### WHAT THE TASK ASKS
In this exercise, return the whole listing exactly, excluding any images.

### STUDY MATERIAL
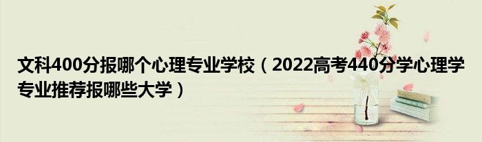 大家好,小高來為大家解答以上問題。文科400分報(bào)哪個(gè)心理專業(yè)學(xué)校,2022高考440分學(xué)心理學(xué)專業(yè)推薦報(bào)哪些大學(xué)很多人還不知道,現(xiàn)在讓我們一起來看看吧!
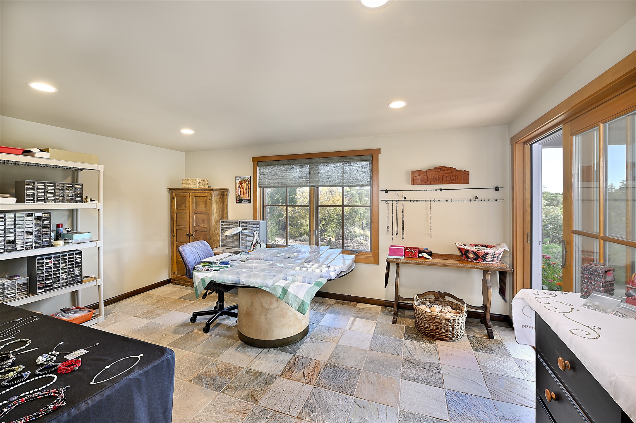Unparalleled privacy is yours in this gated Museum Hill residence with 3 Bedrooms, 4 1/2 Baths, Office & Studio on 1.9 acres. It combines a classic Territorial exterior w Craftsman interior style, totally renovated by Wolf Corp in 2005. Living room features a cozy fireplace & wood-beamed ceiling. Kitchen is a culinary masterpiece w 4' x 8' granite island, Two Sub-Zero refrigerator drawers, 48" Sub-Zero refrigerator, 36" Wolf Range/Oven, walk-in pantry, counter-level gas fireplace plus breakfast nook w banco. Portal off Kitchen has a fireplace & soothing fountain. Media / Family Room includes a wine bar w Sub-Zero wine chiller, fireplace, easy access to the back portal & yard thru 2 sets of sliding glass doors plus adjacent Powder Bath. Art Studio is accessed from the back portal or through the 2-car Garage w large storage area. Master Bedroom & Bath suite offers a Kiva fireplace, dual walk-in closets, access to a private outdoor area w hot tub plus spacious bath w double sinks, steam shower & soothing soaking tub. Office has a built-in desk & en-suite bath. Bedroom 2 offers two twin beds & en-suite bath, while Bedroom 3 opens to the outdoor patio area & has an en-suite bath w double sinks. Special features include hand-forged hardware, custom alder cabinets, 3 forced-air heat and A/C units, as well as a new septic system in 2005. This property is a true gem--gated, renovated by Wolf Corp, on 1.9 acres, and just a short 1.1-mile stroll to Kaune's Market & the Food Trucks.
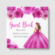 This quinceanera guest book features a beautiful princess in a hot pink ball gown with floral arrangements. This is perfect for a quinceanera birthday party.
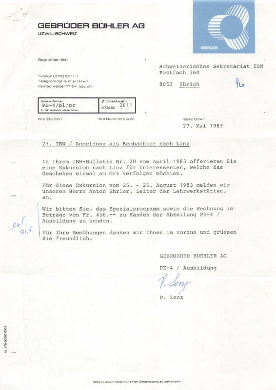 Letter from Gebrüder Bühler AG (signed by P. Lenz, Department PE-4 / Training)to Swiss Secretariat for the International Vocational Competition, 27/05/1983
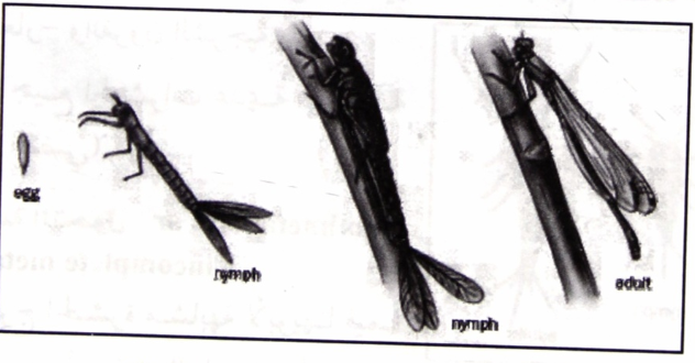- يتدرج شكل الحورية الى شكل الحشرة الكاملة على خطوات تدريجية.
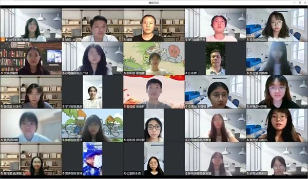 为了增进新任委员团和新任部长团之间的了解,加强学生干部与老师的沟通与交流,我院团委学生会于7月15日晚7:30在腾讯会议软件上召开了第二十三届团委、学生会第一次干部座谈会。本次会议由执行主席卢晓敏主持,党委副书记丘永辉、学工办主任钟丽华、辅导员邹欢和谢媚媚,以及团委学生会全体学生干部出席了本次会议。

### EXERCISE RESULT
 大家好,小高來為大家解答以上問題。文科400分報(bào)哪個(gè)心理專業(yè)學(xué)校,2022高考440分學(xué)心理學(xué)專業(yè)推薦報(bào)哪些大學(xué)很多人還不知道,現(xiàn)在讓我們一起來看看吧!
Unparalleled privacy is yours in this gated Museum Hill residence with 3 Bedrooms, 4 1/2 Baths, Office & Studio on 1.9 acres. It combines a classic Territorial exterior w Craftsman interior style, totally renovated by Wolf Corp in 2005. Living room features a cozy fireplace & wood-beamed ceiling. Kitchen is a culinary masterpiece w 4' x 8' granite island, Two Sub-Zero refrigerator drawers, 48" Sub-Zero refrigerator, 36" Wolf Range/Oven, walk-in pantry, counter-level gas fireplace plus breakfast nook w banco. Portal off Kitchen has a fireplace & soothing fountain. Media / Family Room includes a wine bar w Sub-Zero wine chiller, fireplace, easy access to the back portal & yard thru 2 sets of sliding glass doors plus adjacent Powder Bath. Art Studio is accessed from the back portal or through the 2-car Garage w large storage area. Master Bedroom & Bath suite offers a Kiva fireplace, dual walk-in closets, access to a private outdoor area w hot tub plus spacious bath w double sinks, steam shower & soothing soaking tub. Office has a built-in desk & en-suite bath. Bedroom 2 offers two twin beds & en-suite bath, while Bedroom 3 opens to the outdoor patio area & has an en-suite bath w double sinks. Special features include hand-forged hardware, custom alder cabinets, 3 forced-air heat and A/C units, as well as a new septic system in 2005. This property is a true gem--gated, renovated by Wolf Corp, on 1.9 acres, and just a short 1.1-mile stroll to Kaune's Market & the Food Trucks.
 This quinceanera guest book features a beautiful princess in a hot pink ball gown with floral arrangements. This is perfect for a quinceanera birthday party.
 Letter from Gebrüder Bühler AG (signed by P. Lenz, Department PE-4 / Training)to Swiss Secretariat for the International Vocational Competition, 27/05/1983
- يتدرج شكل الحورية الى شكل الحشرة الكاملة على خطوات تدريجية.
 为了增进新任委员团和新任部长团之间的了解,加强学生干部与老师的沟通与交流,我院团委学生会于7月15日晚7:30在腾讯会议软件上召开了第二十三届团委、学生会第一次干部座谈会。本次会议由执行主席卢晓敏主持,党委副书记丘永辉、学工办主任钟丽华、辅导员邹欢和谢媚媚,以及团委学生会全体学生干部出席了本次会议。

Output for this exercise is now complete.